→ Description of the task:
Exact copy, no pictures: return only the lines below from the line with "ఆ తర్వాత కూడా" up to and including the line with "Instalaciones del Showroom".

→ Source records:

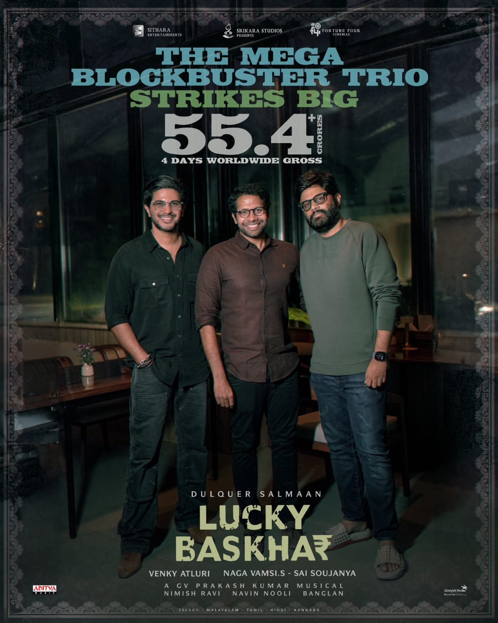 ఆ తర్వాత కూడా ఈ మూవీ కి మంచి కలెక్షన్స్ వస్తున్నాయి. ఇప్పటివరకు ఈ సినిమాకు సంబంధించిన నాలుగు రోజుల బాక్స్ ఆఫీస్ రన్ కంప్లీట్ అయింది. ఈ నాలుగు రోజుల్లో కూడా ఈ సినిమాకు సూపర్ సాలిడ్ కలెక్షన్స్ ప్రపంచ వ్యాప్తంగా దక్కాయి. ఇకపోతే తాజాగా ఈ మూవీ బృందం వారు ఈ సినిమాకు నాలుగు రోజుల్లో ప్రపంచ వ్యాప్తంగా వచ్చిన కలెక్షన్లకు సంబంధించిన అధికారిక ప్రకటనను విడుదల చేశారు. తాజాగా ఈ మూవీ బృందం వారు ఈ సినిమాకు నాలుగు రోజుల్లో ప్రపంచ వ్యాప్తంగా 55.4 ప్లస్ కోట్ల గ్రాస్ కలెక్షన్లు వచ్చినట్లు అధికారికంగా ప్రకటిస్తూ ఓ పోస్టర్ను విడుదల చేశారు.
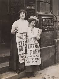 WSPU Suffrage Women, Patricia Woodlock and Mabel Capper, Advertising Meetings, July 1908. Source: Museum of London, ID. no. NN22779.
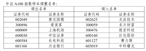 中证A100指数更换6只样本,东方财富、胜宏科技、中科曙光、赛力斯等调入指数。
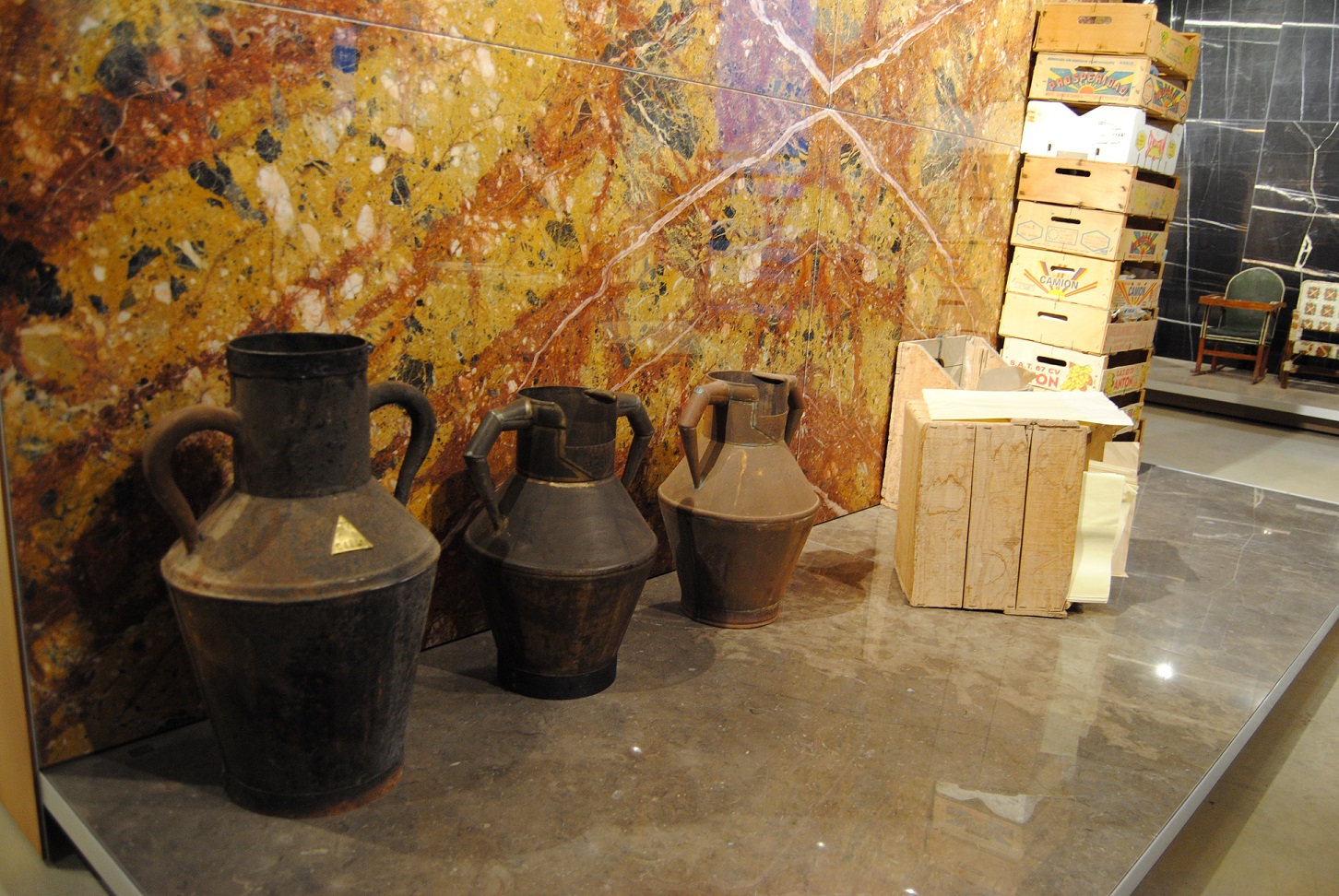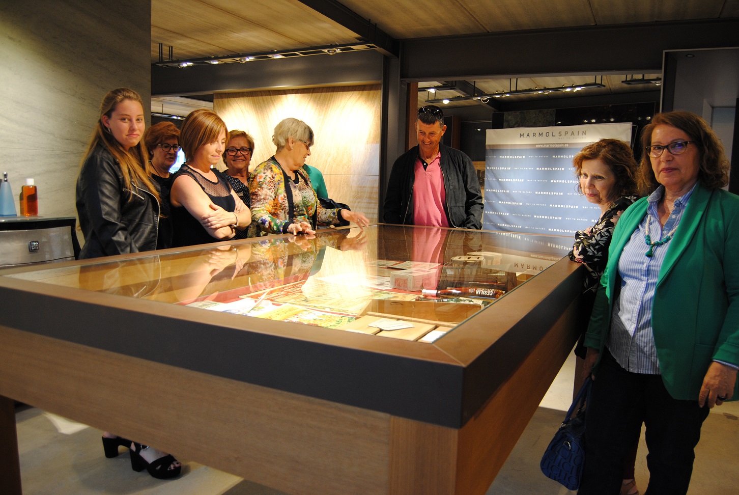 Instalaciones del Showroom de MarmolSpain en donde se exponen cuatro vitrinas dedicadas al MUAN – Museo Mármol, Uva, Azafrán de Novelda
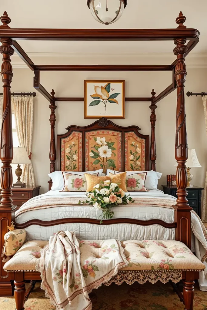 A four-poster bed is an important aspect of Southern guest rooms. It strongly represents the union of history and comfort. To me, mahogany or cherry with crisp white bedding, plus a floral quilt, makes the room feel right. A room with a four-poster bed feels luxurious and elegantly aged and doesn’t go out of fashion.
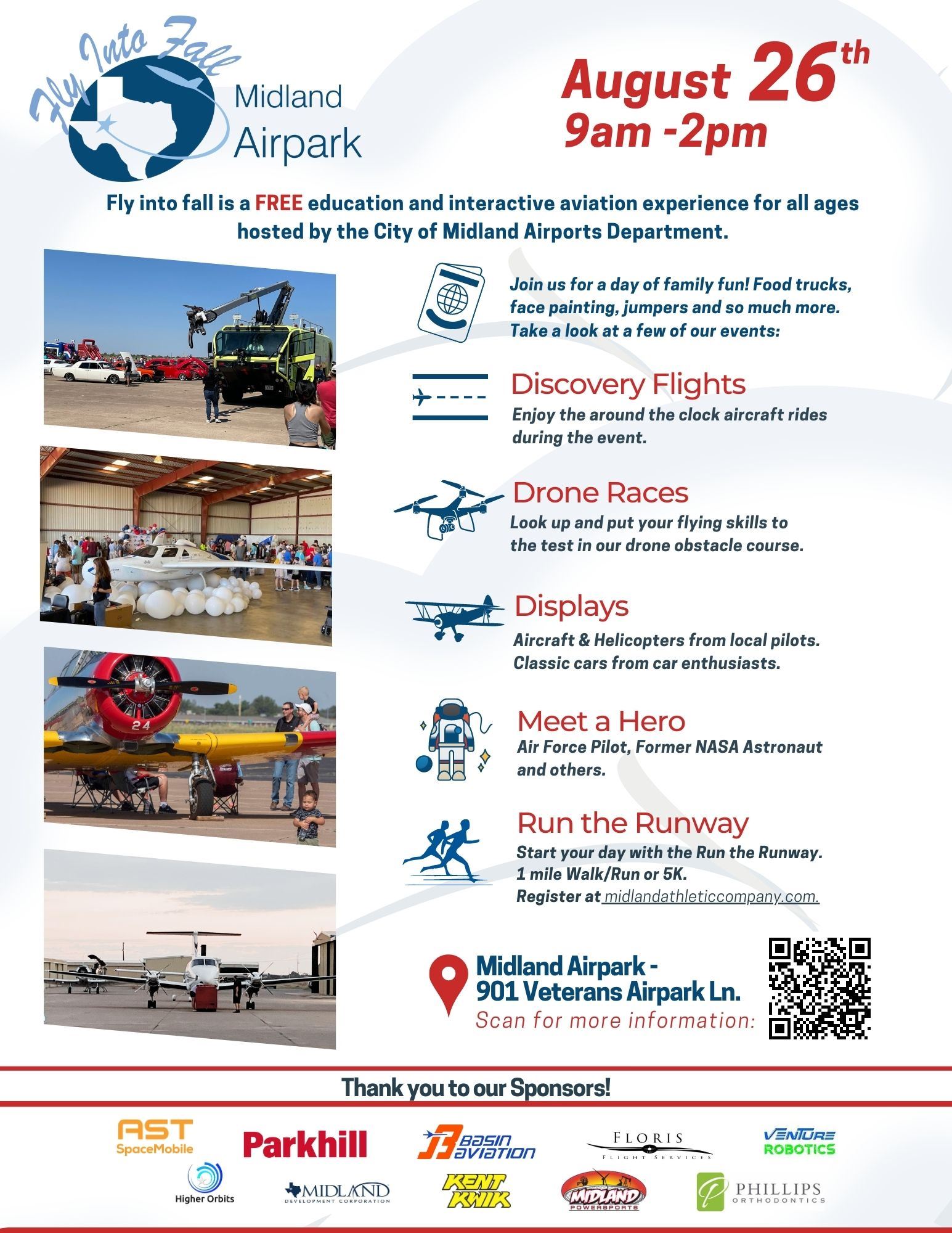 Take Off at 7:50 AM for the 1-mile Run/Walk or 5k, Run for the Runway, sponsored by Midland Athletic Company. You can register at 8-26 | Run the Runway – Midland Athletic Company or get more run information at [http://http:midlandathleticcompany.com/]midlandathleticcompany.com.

...

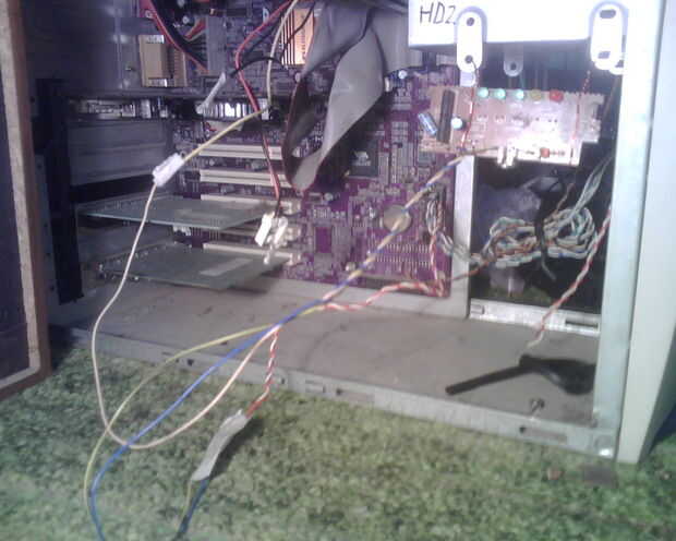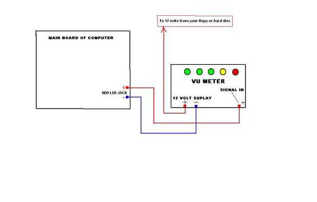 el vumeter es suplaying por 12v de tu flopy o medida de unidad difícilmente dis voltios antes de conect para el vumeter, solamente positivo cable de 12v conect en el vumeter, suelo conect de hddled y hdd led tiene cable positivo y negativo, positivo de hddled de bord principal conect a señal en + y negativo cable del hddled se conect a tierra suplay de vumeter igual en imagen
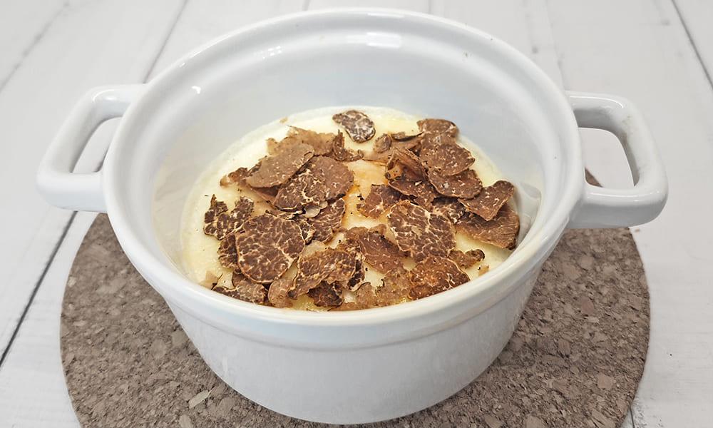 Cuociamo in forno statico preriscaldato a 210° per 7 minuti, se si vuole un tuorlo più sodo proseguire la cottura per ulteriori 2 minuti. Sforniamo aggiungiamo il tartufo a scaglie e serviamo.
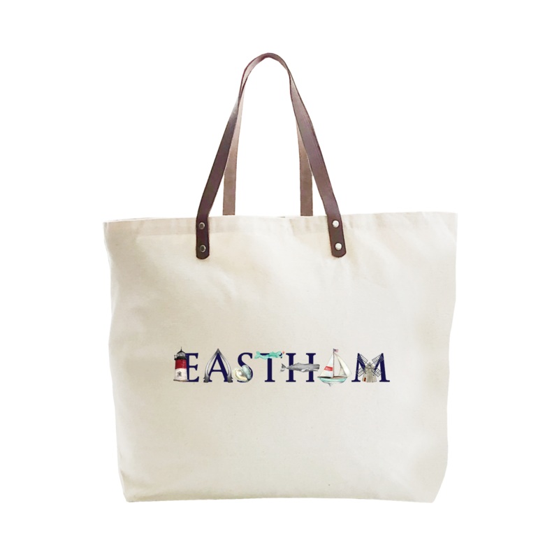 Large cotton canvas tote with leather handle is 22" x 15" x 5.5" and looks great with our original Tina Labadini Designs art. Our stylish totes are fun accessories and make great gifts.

→ Task result:
 ఆ తర్వాత కూడా ఈ మూవీ కి మంచి కలెక్షన్స్ వస్తున్నాయి. ఇప్పటివరకు ఈ సినిమాకు సంబంధించిన నాలుగు రోజుల బాక్స్ ఆఫీస్ రన్ కంప్లీట్ అయింది. ఈ నాలుగు రోజుల్లో కూడా ఈ సినిమాకు సూపర్ సాలిడ్ కలెక్షన్స్ ప్రపంచ వ్యాప్తంగా దక్కాయి. ఇకపోతే తాజాగా ఈ మూవీ బృందం వారు ఈ సినిమాకు నాలుగు రోజుల్లో ప్రపంచ వ్యాప్తంగా వచ్చిన కలెక్షన్లకు సంబంధించిన అధికారిక ప్రకటనను విడుదల చేశారు. తాజాగా ఈ మూవీ బృందం వారు ఈ సినిమాకు నాలుగు రోజుల్లో ప్రపంచ వ్యాప్తంగా 55.4 ప్లస్ కోట్ల గ్రాస్ కలెక్షన్లు వచ్చినట్లు అధికారికంగా ప్రకటిస్తూ ఓ పోస్టర్ను విడుదల చేశారు.
 WSPU Suffrage Women, Patricia Woodlock and Mabel Capper, Advertising Meetings, July 1908. Source: Museum of London, ID. no. NN22779.
 中证A100指数更换6只样本,东方财富、胜宏科技、中科曙光、赛力斯等调入指数。
 Instalaciones del Showroom de MarmolSpain en donde se exponen cuatro vitrinas dedicadas al MUAN – Museo Mármol, Uva, Azafrán de Novelda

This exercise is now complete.